A mother? A lover? Seek out a legend?
Symbolic? Insane? Cast off the vote.
No taking the sis! Impress my girl-friend –
anchor success with a name like a boat.

The poem lists Kill Hannah, Jane’s Addiction, The Donnas, Pearl Jam, Blondie, All About Eve, Twisted Sister, Dead Sara, Hail The Virginmarys, Joy Division, Thin Lizzy, Roxette, Good Charlotte, Taking Hayley, Saving Aimee, Rose Tattoo, Molly Hatchet, Madder Rose and ends:

So with temptress or saviour or old recipe,
harness longevity; keep Alice in Chains!
The historic tradition has a drink in it too;
smash a bottle! I name this band girls’ names.

May God bless her and all who sail in her.

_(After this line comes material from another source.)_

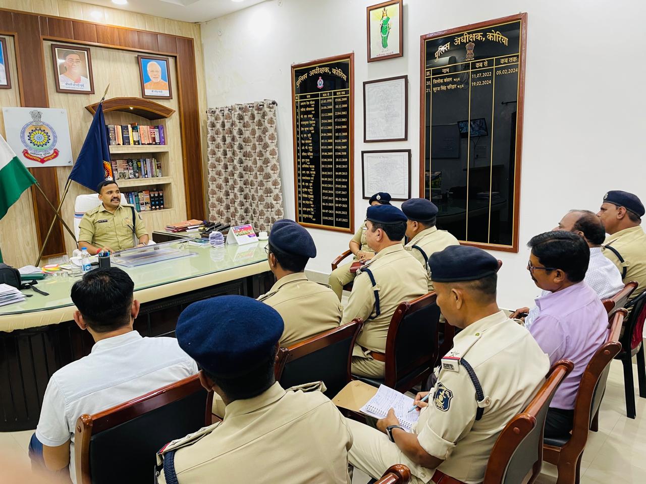 बैकुंठपुर/कोरिया – आज सरगुजा रेंज के पुलिस महानिरीक्षक अंकित गर्ग के निर्देशानुसार NDPS अधिनियम के प्रभावी क्रियान्वयन के संबंध में एक महत्वपूर्ण बैठक आयोजित की गई। SP कोरिया द्वारा आहूत इस बैठक में NDPS नोडल अधिकारी अतिरिक्त पुलिस अधीक्षक मोनिका ठाकुर, SDOP बैकुंठपुर राजेश साहू, प्रशिक्षु DySP रविकांत सहारे, सभी थाना प्रभारी, स्टेनो, रीडर और DCB शाखा के प्रभारी उपस्थित रहे।उक्त बैठक में यह स्पष्ट रूप से निर्देशित किया गया कि एनडीपीएस अधिनियम के अंतर्गत बार-बार अपराध करने वाले अपराधियों को चिन्हित कर उनके विरुद्ध निवारक निरोध (Preventive Detection) की प्रभावी कार्रवाई की जाए। इसके लिए सभी थाना प्रभारियों को निर्देशित किया गया कि वे शीघ्र ही प्रकरण तैयार कर प्रस्तुत करें।

Like other poems in “The Will to Gig”, it has a light touch, and rhymes give it a structure that stops it barrelling off into an enthusiastic, untamed epic. Like the bands Ghislena follows, these poems have the rawness and energy of a live performance. They also have the bagginess of a stall-bought t-shirt that only comes in male sizes and gets overlooked in the atmosphere and camaraderie of a live performance, but is noticed on the thirtieth consecutive replay, by which time there’s a shiny new album out and the band have developed their sound in the interim. The Will to Gig is a good demo EP that would have a music journo place the band on a ‘one to watch, especially live’ list. There are plenty of bands that don’t sound the same once tamed, auto-tuned and fastidiously produced in a studio.

So I liked this, rather than loved it. Personally I would have liked an occasional poem to focus on a specific gig, not necessarily naming the band, but capturing what made that particular night special or some of the idiosyncrasies of a venue. Reading these poems as a whole, they focus on the universal, treating fans as a homogenous tribe: the danger of this is that their language becomes generic.